*Activity:* Give back exactly the lines of the data below, starting with the line that has "2021考研初試成績:重慶師范大學考研初試成績查詢入口開啟!初試成績已公布!" and going on through the line that has "フリルにかたどられたガラスシ".

*Material provided:*
□ □ □ □ □ □ □

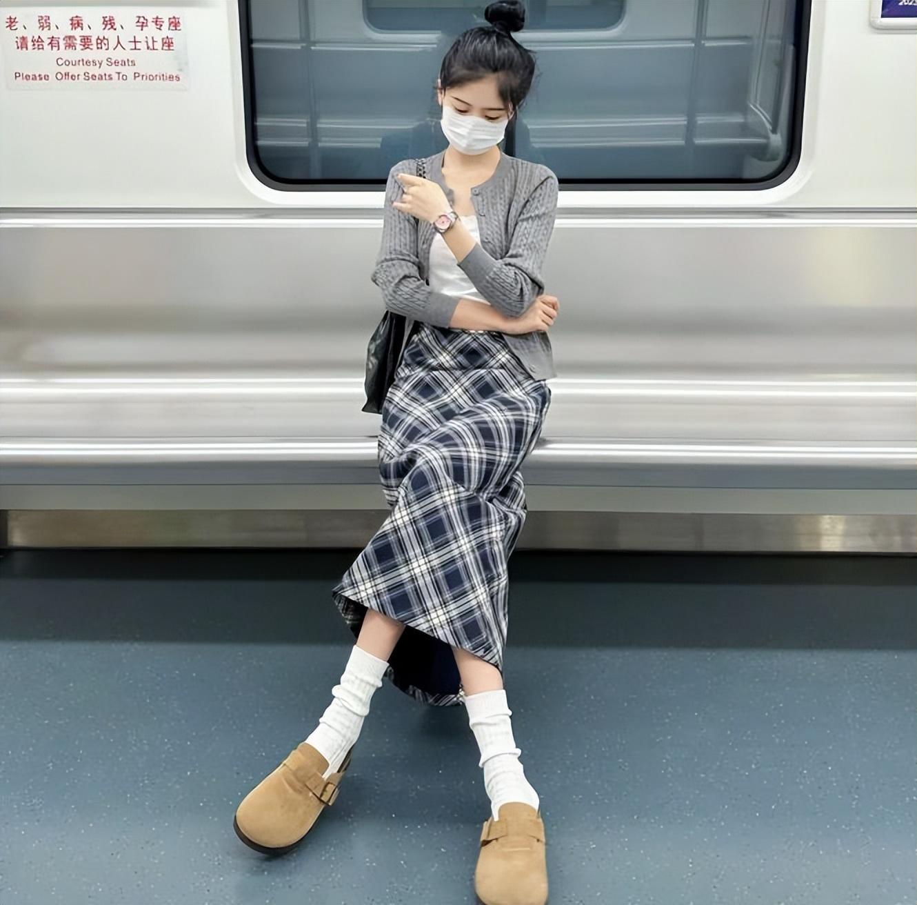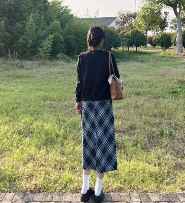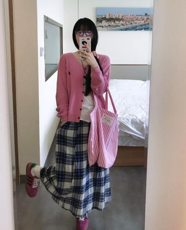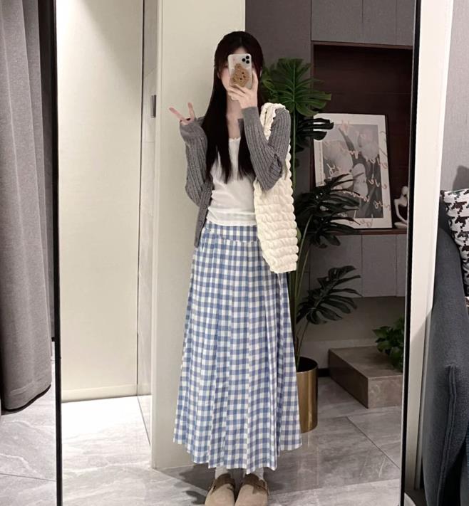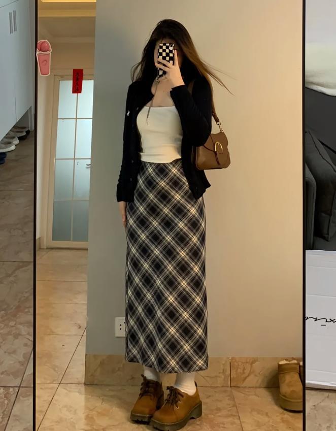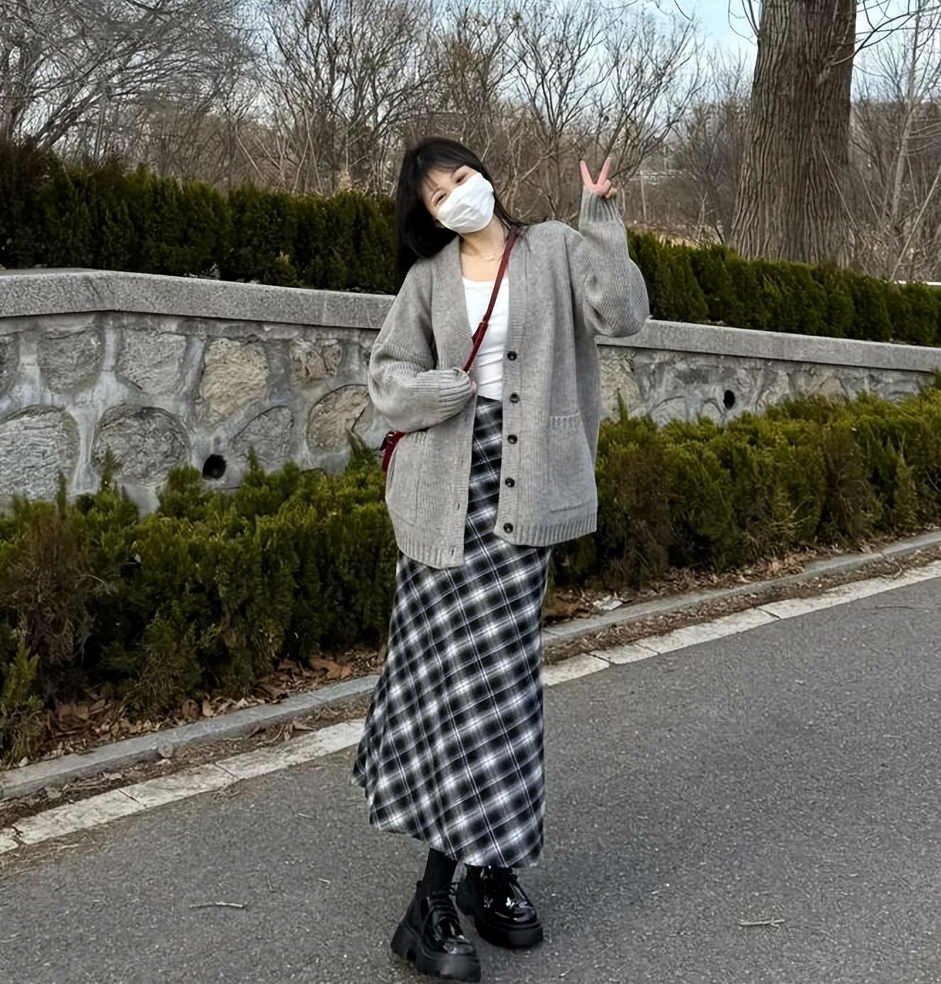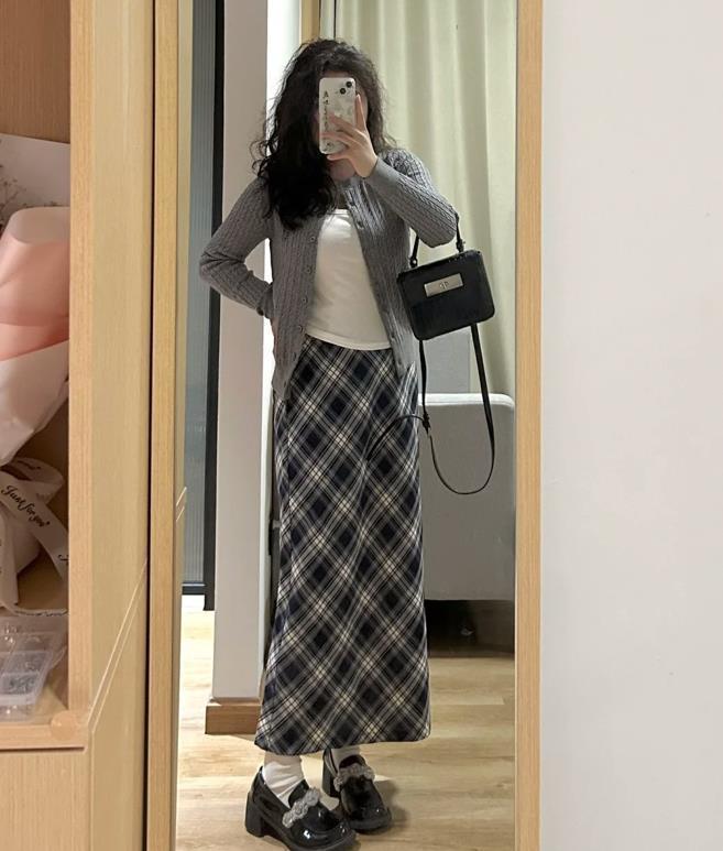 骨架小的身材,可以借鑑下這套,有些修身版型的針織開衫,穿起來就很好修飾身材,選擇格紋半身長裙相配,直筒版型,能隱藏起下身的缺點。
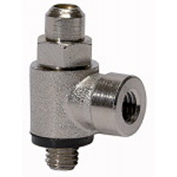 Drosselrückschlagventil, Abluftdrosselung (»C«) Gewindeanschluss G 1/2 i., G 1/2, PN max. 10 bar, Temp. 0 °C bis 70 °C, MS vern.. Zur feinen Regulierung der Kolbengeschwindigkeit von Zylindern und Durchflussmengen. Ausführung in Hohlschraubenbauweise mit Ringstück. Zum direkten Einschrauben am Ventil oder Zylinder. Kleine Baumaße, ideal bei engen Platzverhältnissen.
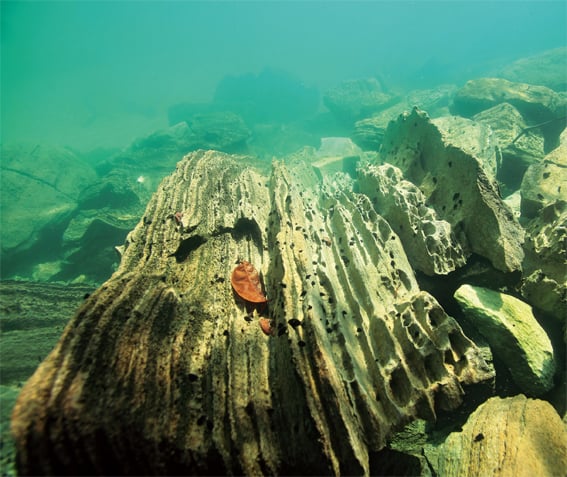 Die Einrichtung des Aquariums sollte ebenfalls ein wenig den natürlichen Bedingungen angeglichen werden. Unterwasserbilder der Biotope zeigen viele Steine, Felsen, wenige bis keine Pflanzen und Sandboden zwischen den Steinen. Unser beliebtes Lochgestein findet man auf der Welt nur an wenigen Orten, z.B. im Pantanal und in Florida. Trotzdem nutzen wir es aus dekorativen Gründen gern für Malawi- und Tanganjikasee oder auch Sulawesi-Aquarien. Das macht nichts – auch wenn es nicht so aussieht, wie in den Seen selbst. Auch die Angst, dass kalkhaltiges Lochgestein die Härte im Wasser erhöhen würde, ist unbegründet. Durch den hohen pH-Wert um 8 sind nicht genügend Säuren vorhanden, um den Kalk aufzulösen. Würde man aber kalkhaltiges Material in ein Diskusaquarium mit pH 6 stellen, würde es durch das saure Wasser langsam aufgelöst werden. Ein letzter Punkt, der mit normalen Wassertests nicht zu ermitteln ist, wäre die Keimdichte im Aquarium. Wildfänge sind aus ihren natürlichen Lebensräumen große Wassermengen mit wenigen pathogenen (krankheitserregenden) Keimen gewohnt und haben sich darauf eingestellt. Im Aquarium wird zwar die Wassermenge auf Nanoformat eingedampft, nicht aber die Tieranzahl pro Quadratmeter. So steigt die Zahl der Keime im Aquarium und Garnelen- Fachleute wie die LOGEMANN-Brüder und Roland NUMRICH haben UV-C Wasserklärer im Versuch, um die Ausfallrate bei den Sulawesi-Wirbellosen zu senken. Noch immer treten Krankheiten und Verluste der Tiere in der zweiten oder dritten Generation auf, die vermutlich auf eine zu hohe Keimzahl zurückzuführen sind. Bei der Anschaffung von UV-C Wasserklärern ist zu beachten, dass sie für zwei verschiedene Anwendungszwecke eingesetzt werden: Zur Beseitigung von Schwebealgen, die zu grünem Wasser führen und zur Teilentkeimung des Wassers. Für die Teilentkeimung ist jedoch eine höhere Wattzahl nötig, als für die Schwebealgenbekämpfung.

□ □ □ □ □ □ □

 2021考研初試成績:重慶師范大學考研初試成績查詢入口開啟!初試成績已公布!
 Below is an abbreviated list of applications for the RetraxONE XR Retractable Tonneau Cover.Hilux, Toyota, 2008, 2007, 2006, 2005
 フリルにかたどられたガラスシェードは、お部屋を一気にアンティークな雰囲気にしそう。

□ □ □ □ □ □ □

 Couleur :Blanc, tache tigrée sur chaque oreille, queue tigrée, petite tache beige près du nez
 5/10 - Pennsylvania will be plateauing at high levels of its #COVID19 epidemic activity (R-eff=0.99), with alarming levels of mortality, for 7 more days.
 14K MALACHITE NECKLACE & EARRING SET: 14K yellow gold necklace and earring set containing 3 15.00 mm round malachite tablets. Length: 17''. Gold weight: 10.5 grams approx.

□ □ □ □ □ □ □

*The answer:*
 2021考研初試成績:重慶師范大學考研初試成績查詢入口開啟!初試成績已公布!
 Below is an abbreviated list of applications for the RetraxONE XR Retractable Tonneau Cover.Hilux, Toyota, 2008, 2007, 2006, 2005
 フリルにかたどられたガラスシェードは、お部屋を一気にアンティークな雰囲気にしそう。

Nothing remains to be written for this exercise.